Бергсон высоко оценивал ведущую идею Мен де Бирана – о необходимости «сосредоточить внимание философии на внутренней жизни души, поместить человеческую личность, какой она предстает сознанию, на полпути между относительным и абсолютным прежней метафизики – выше “феномена” кантианцев, но ниже их “вещи в себе”» и проникнуть экспериментальным путем в потусторонний мир, или по крайней мерс «достичь его преддверия, избрав своим проводником внутреннее наблюдение»[38]. Весьма важной для Бергсона, как мы увидим, стала и выдвинутая Мен де Бираном концепция психологической причинности, критика им неверного понимания причинности в метафизике, сторонники которого «не делают различия между фактами внутреннего чувства и феноменами внешней природы, отождествляя психологическую причинность с причинностью, царящей во внешнем мире объектов. В итоге анализ операций ума пытаются подменить физиологической “теорией действия”, описанием мозгового субстрата»[39]. Возможно, именно критика Бираном материалистических представлений о том, что мышление жестко детерминировано деятельностью мозга, сыграла свою роль в формировании концепции, развитой Бергсоном в «Материи и памяти». Во всяком случае, несомненно, что бирановская рефлексивная философия стала для него одним из важных опорных пунктов; в упомянутой выше статье о французской философии он ставит явно риторический вопрос о том, не должна ли всякая метафизика решительно направиться по пути, открытому Мен де Бираном[40].

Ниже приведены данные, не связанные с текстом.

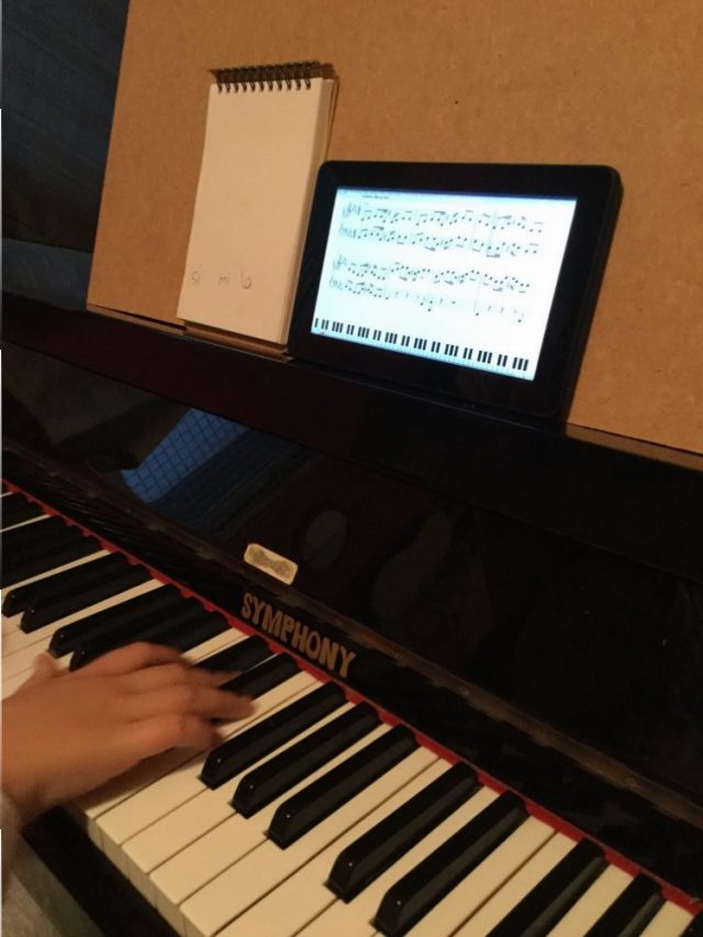と、私の手から奪い取り、みるみるまに使いこなす。画面のふちをポンポンと軽く叩くと、楽譜が戻ったり進んだりするのだ。知らなかった。

После публикации работ Мен де Бирана его идеи привлекли особое внимание философов-спиритуалистов различных направлений. Кузен называл его «величайшим метафизиком века», хотя и не все признавал в его идеях, полагая, в согласии с Гегелем, что метафизические идеи – идеи причины, субстанции, единства, тождества – коренятся не в сознании, описанном Мен де Бираном, а в чистом разуме. С 1830-х гг. спиритуализм Кузена и его последователей стал ведущим направлением в университетском образовании, где благодаря Кузену значительное место отводилось истории философии. По характеристике французского философа Поля Жане, сторонника Кузена, в основании философских учений, преподававшихся в 1830–1852 гг. в университете (в 1852 г. началась эпоха Второй империи, и ситуация в образовании изменилась), лежала «экспериментальная психология» шотландской школы, а вершину их составляла картезианская метафизика; велико было и влияние кантовской критики. Что касается концепции Мен де Бирана, то она, как отмечает Жане, была очень влиятельной в Высшем педагогическом институте в 1840-х годах[41].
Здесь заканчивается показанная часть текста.